RECORDS FOR THE TASK Start Marker

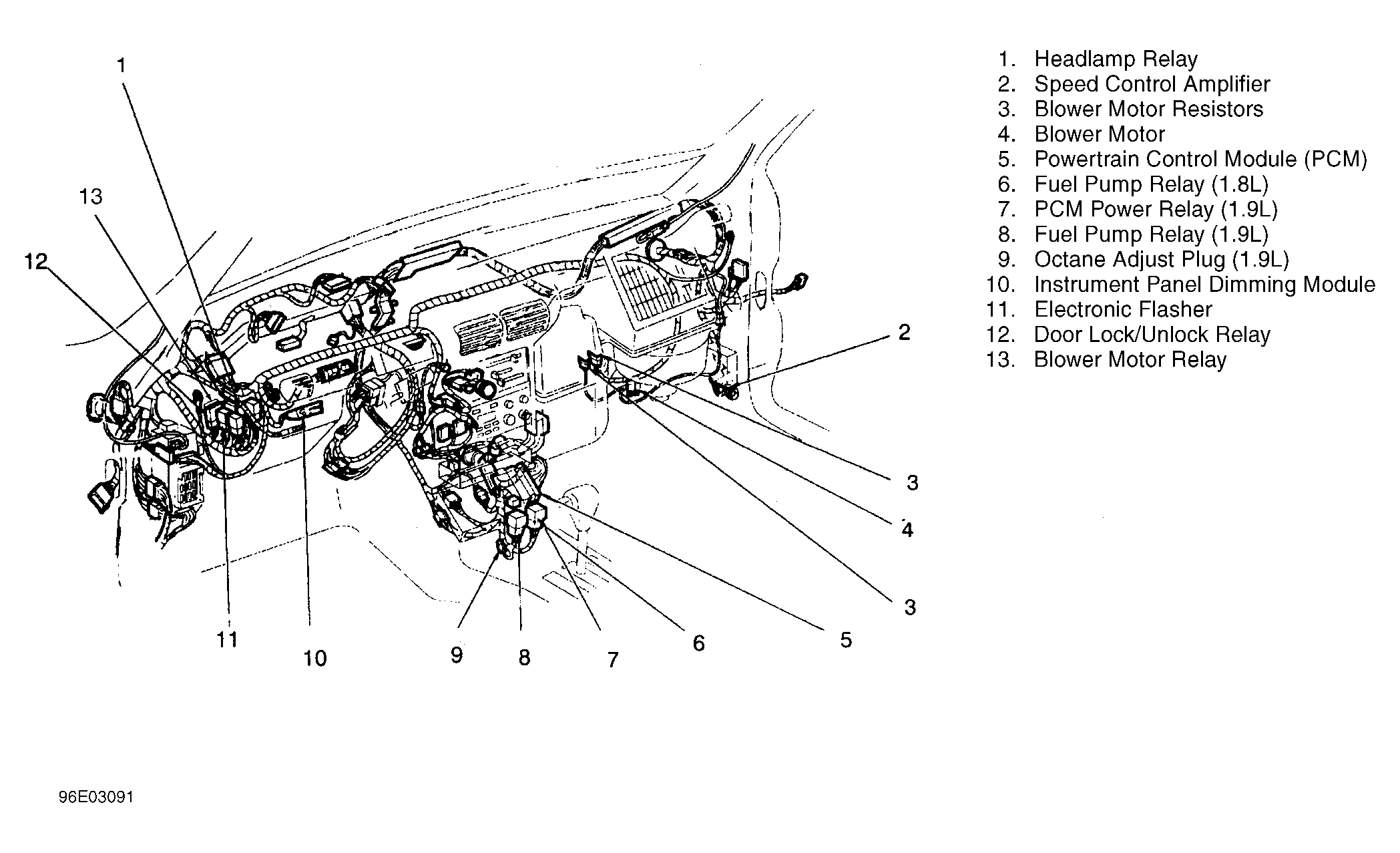 | Powertrain Control Module (PCM) | Below center of dash. See Figure . |
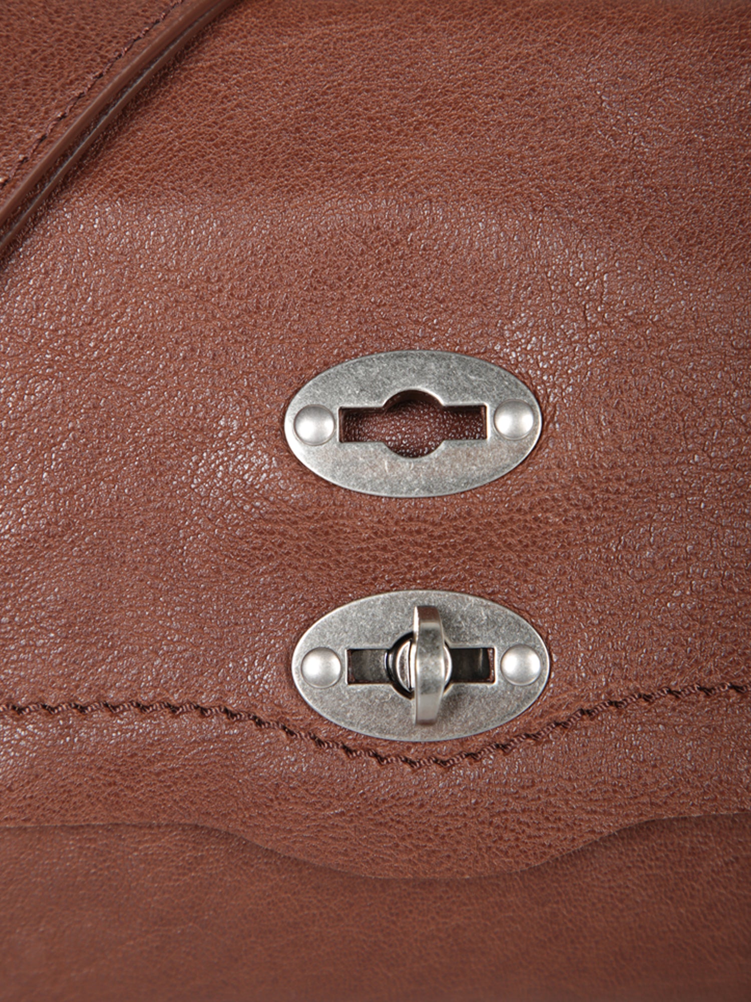 Crafted from high-quality leather. Flap closure with metal lock. Top handle and removable shoulder strap.
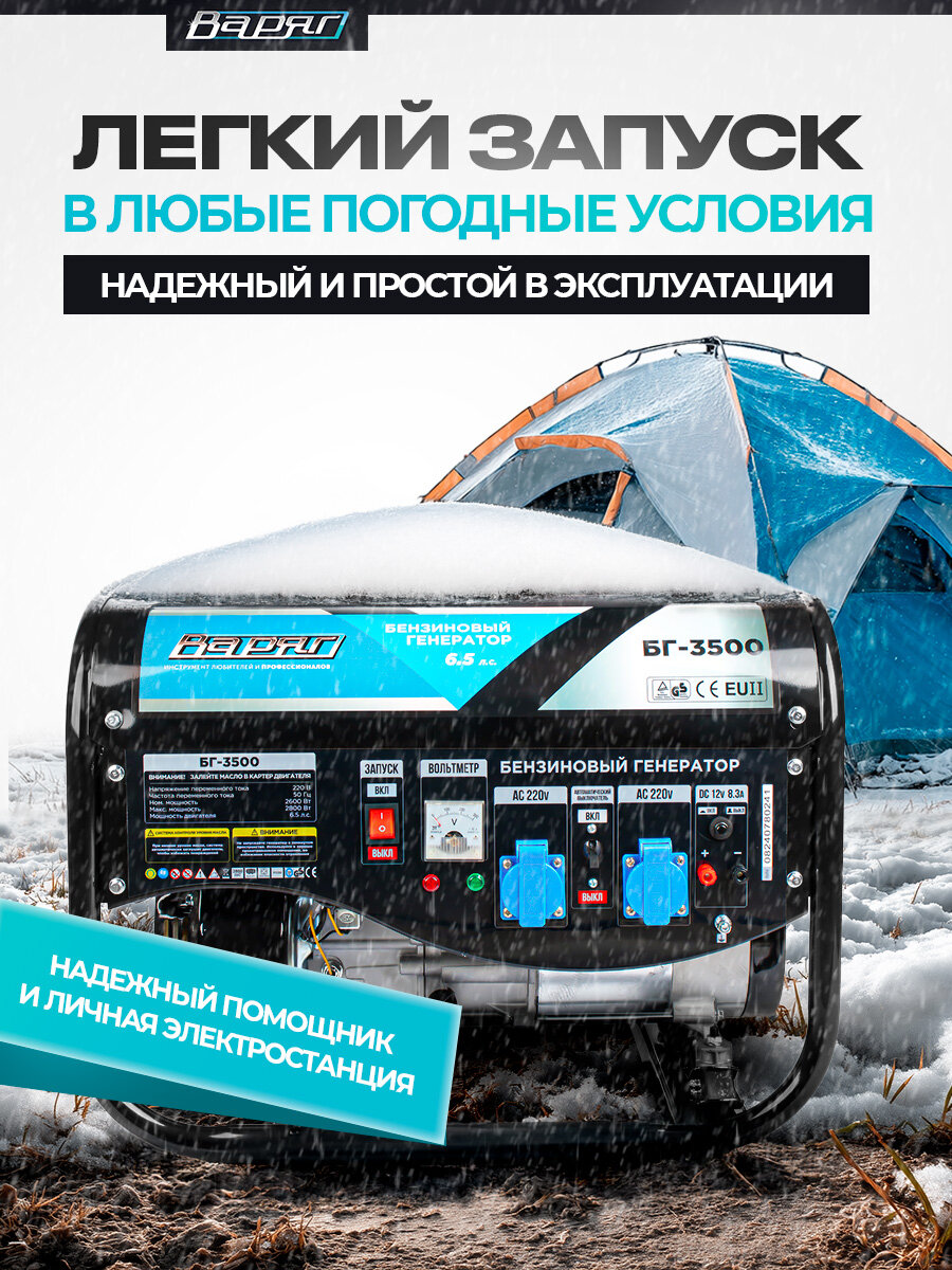 Бензиновый генератор варяг БГ-3500, 2.8кВт, вольтметр, защита от перегрузки: сравнение цен, характеристики, фото, актуальное наличие и цены.
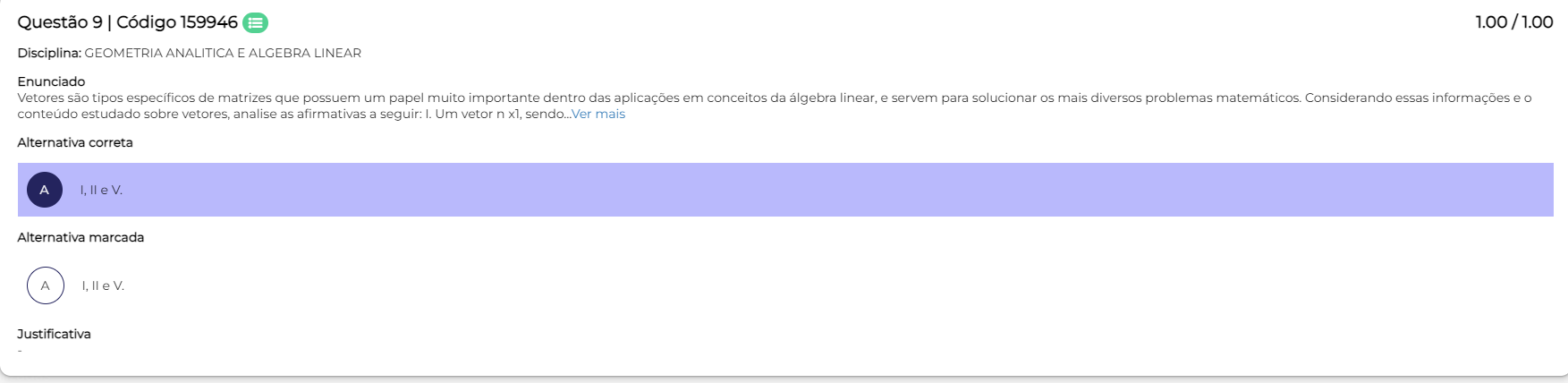 <p>Questão 9 Código 159946 1.00/1.00 Disciplina: GEOMETRIA ANALITICA E ALGEBRA LINEAR Enunciado Vetores são tipos específicos de matrizes que possuem um papel muito importante dentro das aplicações em conceitos da linear, e servem para solucionar os mais diversos problemas Considerando essas informações e conteúdo estudado sobre vetores, analise as afirmativas a seguir: I. Um vetor x1, sendo...Ver mais Alternativa correta A Alternativa marcada A I, e V. Justificativa</p>
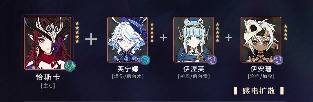 6.3感电扩散推荐理由【伊涅芙】:提供护盾,让感电转为月感电,后台雷,后台伤害【芙宁娜】:全队增伤,后台伤害【伊安珊】:治疗,增加前台攻击力
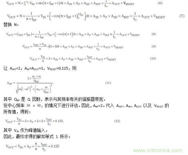 積分器工作從0到B執(zhí)行N次。這將覆蓋輸入的正極。全波整流隨后可通過其它增益系數(shù)進行補償。替換VIN,從0到1/fBP積分。
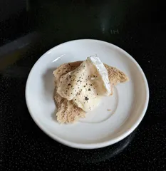カマンベールチーズにひきたてブラックペッパー。これで、食べやすくなりました。(同じ白カビ系ブリーチーズのほうが苦みが少なくておいしいなぁ・・・) 白いお皿に白いチーズでは写りが悪いかと思って間に、パンを敷きました。
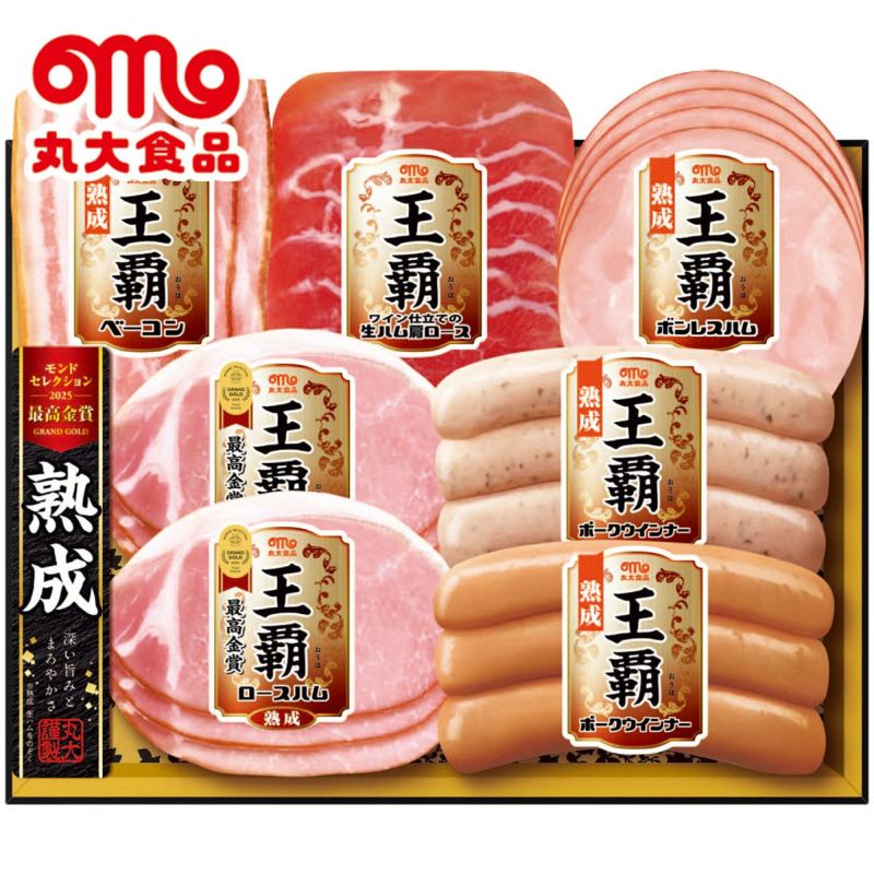 熟成ロースハム40g×2、熟成ベーコン45g、ワイン仕立ての生ハム肩ロース・熟成ボンレスハム各50g、熟成ポークウインナー(プレーン・ハーブ)各102g
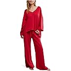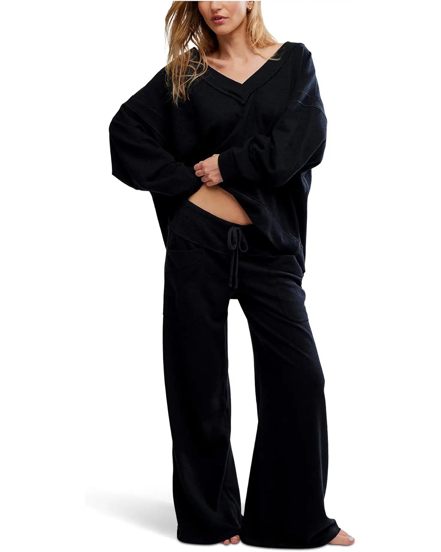 • The Free People™ Staycation Pullover Set comes in a breathable construction and solid color. The pull-on style sweatshirt features a V-neckline, long sleeves, and an oversized fit. The pajamas feature an elasticated waist with a drawstring closure and a full-length silhouette.
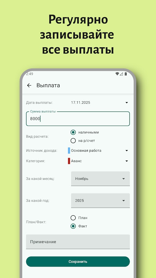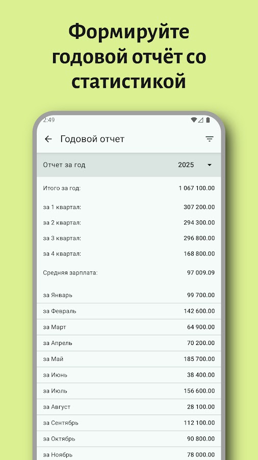 Просто начните пользоваться этим приложением, своевременно заносите каждую выплату, и в скором времени у Вас появится ясное понимание Вашего среднегодового дохода. Расходы времени на внесение информации требуют минимума времени.

RECORDS FOR THE TASK End Marker

EXERCISE DIRECTIONS - Above are the records; give them all again exactly, apart from the pictures.

EXPECTED ANSWER -
 | Powertrain Control Module (PCM) | Below center of dash. See Figure . |
 Crafted from high-quality leather. Flap closure with metal lock. Top handle and removable shoulder strap.
 Бензиновый генератор варяг БГ-3500, 2.8кВт, вольтметр, защита от перегрузки: сравнение цен, характеристики, фото, актуальное наличие и цены.
 <p>Questão 9 Código 159946 1.00/1.00 Disciplina: GEOMETRIA ANALITICA E ALGEBRA LINEAR Enunciado Vetores são tipos específicos de matrizes que possuem um papel muito importante dentro das aplicações em conceitos da linear, e servem para solucionar os mais diversos problemas Considerando essas informações e conteúdo estudado sobre vetores, analise as afirmativas a seguir: I. Um vetor x1, sendo...Ver mais Alternativa correta A Alternativa marcada A I, e V. Justificativa</p>
 6.3感电扩散推荐理由【伊涅芙】:提供护盾,让感电转为月感电,后台雷,后台伤害【芙宁娜】:全队增伤,后台伤害【伊安珊】:治疗,增加前台攻击力
 積分器工作從0到B執(zhí)行N次。這將覆蓋輸入的正極。全波整流隨后可通過其它增益系數(shù)進行補償。替換VIN,從0到1/fBP積分。
カマンベールチーズにひきたてブラックペッパー。これで、食べやすくなりました。(同じ白カビ系ブリーチーズのほうが苦みが少なくておいしいなぁ・・・) 白いお皿に白いチーズでは写りが悪いかと思って間に、パンを敷きました。
 熟成ロースハム40g×2、熟成ベーコン45g、ワイン仕立ての生ハム肩ロース・熟成ボンレスハム各50g、熟成ポークウインナー(プレーン・ハーブ)各102g
 • The Free People™ Staycation Pullover Set comes in a breathable construction and solid color. The pull-on style sweatshirt features a V-neckline, long sleeves, and an oversized fit. The pajamas feature an elasticated waist with a drawstring closure and a full-length silhouette.
 Просто начните пользоваться этим приложением, своевременно заносите каждую выплату, и в скором времени у Вас появится ясное понимание Вашего среднегодового дохода. Расходы времени на внесение информации требуют минимума времени.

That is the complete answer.